Half-Life Calculation

The concept of half-life is key to understanding how long a radioactive element remains active. Half-life is the time required for half of the radioactive atoms in a sample to decay. For bohrium-267, the half-life is remarkably short at just 15 seconds. This means that after 15 seconds, only half of any sample of bohrium-267 remains.
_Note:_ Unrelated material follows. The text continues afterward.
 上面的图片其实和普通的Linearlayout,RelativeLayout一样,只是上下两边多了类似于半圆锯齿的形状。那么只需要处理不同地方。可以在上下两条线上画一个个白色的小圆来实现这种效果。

Calculating elapsed time using this concept involves determining how many half-lives pass for a given reduction in atoms.
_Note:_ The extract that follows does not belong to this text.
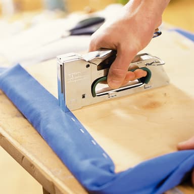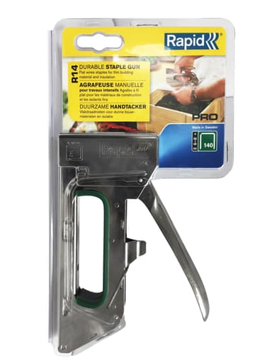 Hæfteklammetype: 140. Benlængde: 6-8 mm. Mål: 39 x 105 x 285 mm. Materiale: Stål. Rekylfri, låsefunktion, støjdæmper. Velegnet til fæstning af tynde materialer, som f.eks. plast og tyndt pap, der kun kræver korte klammer Anvendelse: isolering.Læs mere om produktet

• Formula: The formula for the number of half-lives is given by = \(\log_{\frac{1}{2}}(\frac{N}{N_0})\), where \(N_0\) is the initial quantity, and \(N\) is the remaining quantity.
• Example: For bohrium-267, determining the time for reducing to 11 atoms from 199 involves solving \(11 = 199 \times (\frac{1}{2})^n\).
• Time Calculation: With \(n \approx 4.2\), multiply by the half-life of 15 seconds to find the elapsed time of approximately 63 seconds.

These calculations illustrate how quickly transuranium elements decay, which is crucial for managing and studying them.

Electron Configuration

Electron configuration describes how electrons are distributed in an atom's orbitals, following rules based on quantum mechanics. For bohrium, which has the atomic number 107, understanding its electron configuration requires filling its orbitals with 107 electrons, according to the Aufbau principle, which tells us the order in which orbitals are filled.

• Rules: Electrons fill the lowest energy levels first before moving to higher ones. The Aufbau principle outlines this order.
• Configuration: Bohrium's configuration is complex, reflecting periodic table trends. It is written as 1s² 2s² 2p⁶ 3s² 3p⁶ 4s² 3d¹⁰ 4p⁶ 5s² 4d¹⁰ 5p⁶ 6s² 4f¹⁴ 5d¹⁰ 6p⁶ 7s² 5f¹⁴ 6d⁵.
• Utility: Knowing electron configurations helps in understanding chemical reactivity, bonding, and properties of elements.

For elements like bohrium with many electrons, the configurations become elaborate, capturing the intricate structure of these heavier atoms.